Auch situative Faktoren haben einen Einfluss auf Wohltaten: Verhalten sich in einer Gruppe oder Gesellschaft beispielsweise besonders viele Menschen altruistisch oder wird selbstbezogenes Verhalten bestraft, ist der/die Einzelne auch eher zu uneigennützigen Handlungen bereit – so bisherige Ergebnisse aus experimentellen Studien. Wissenschaftler:innen vermuten sogar, dass Weihnachten, Hungergefühle oder auch das Wetter mit dafür verantwortlich sein können, wie altruistisch Menschen sich verhalten. Kurz vor Weihnachten tendieren Menschen in der Regel eher zu prosozialem Verhalten, was sich unter anderem in erhöhtem Spendenverhalten widerspiegelt. Einige Studien zeigen zudem, dass schönes Wetter die Stimmung hebt, was wiederum zu weniger egozentrischem Verhalten führen könnte. Im Gegenzug wirkt sich Hunger eher negativ auf prosoziales Verhalten aus: Kinder sind beispielsweise weniger bereit zu teilen, wenn sie hungrig sind.
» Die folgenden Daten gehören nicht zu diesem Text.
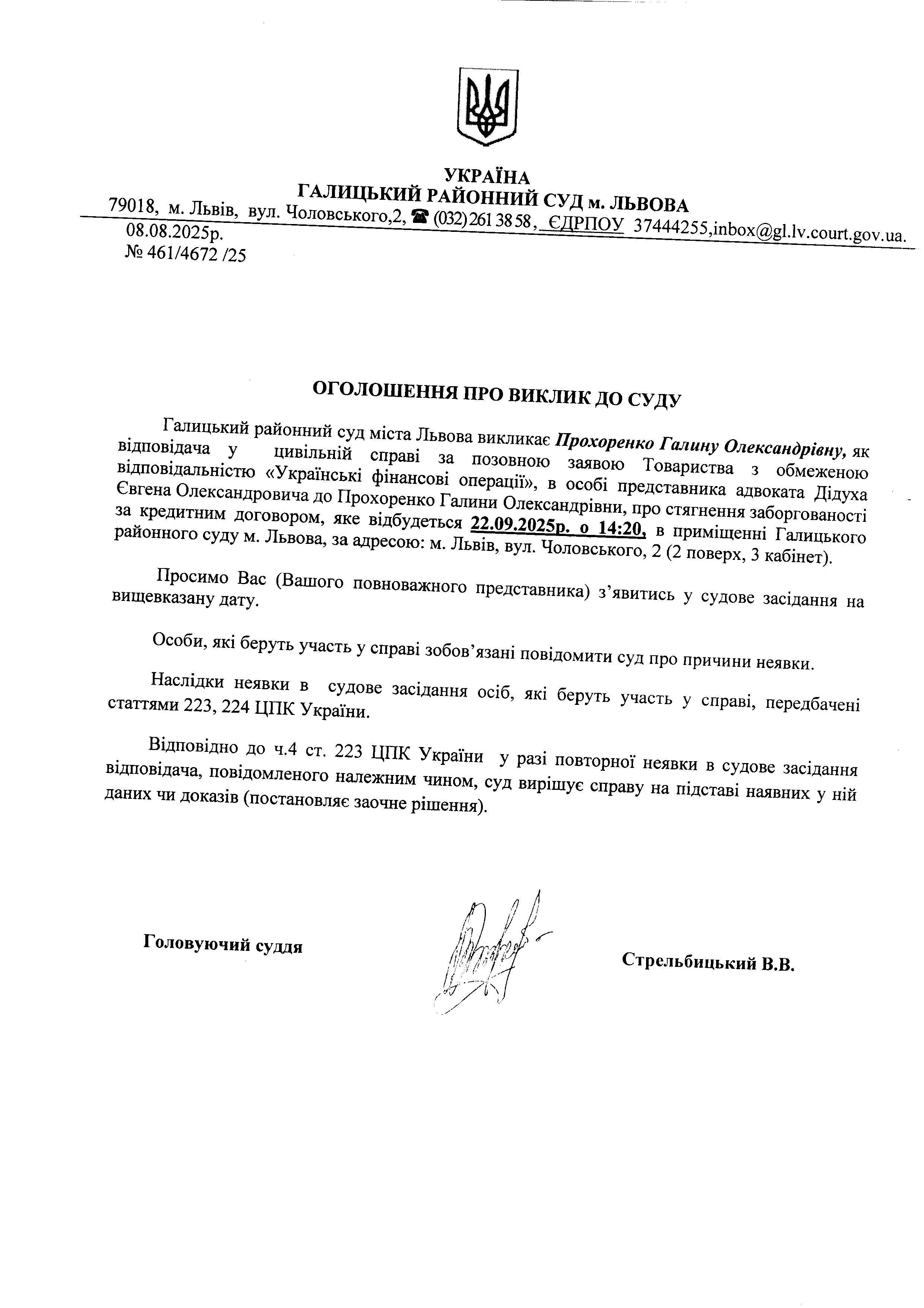 оголошення про виклик Прохоренко Г.О.

Aber ist »uneigennütziges Verhalten« wirklich so uneigennützig? Forschung hat gezeigt, dass wir uns ziemlich gut fühlen, wenn wir uns altruistisch verhalten. Wir sind zum Beispiel zufriedener, verspüren weniger Reue und haben weniger gemischte Gefühle als nach egoistischem Verhalten. Auch wollen andere zukünftig lieber mit uns interagieren, wenn sie ein solches Verhalten bei uns beobachten. Wir können also von einem Mehrwert für Alle, inklusive uns selbst, sprechen. Bei der nächsten Gelegenheit sollten wir somit die Chance zu einer uneigennützigen Handlung nutzen – auch in unserem eigenen Interesse!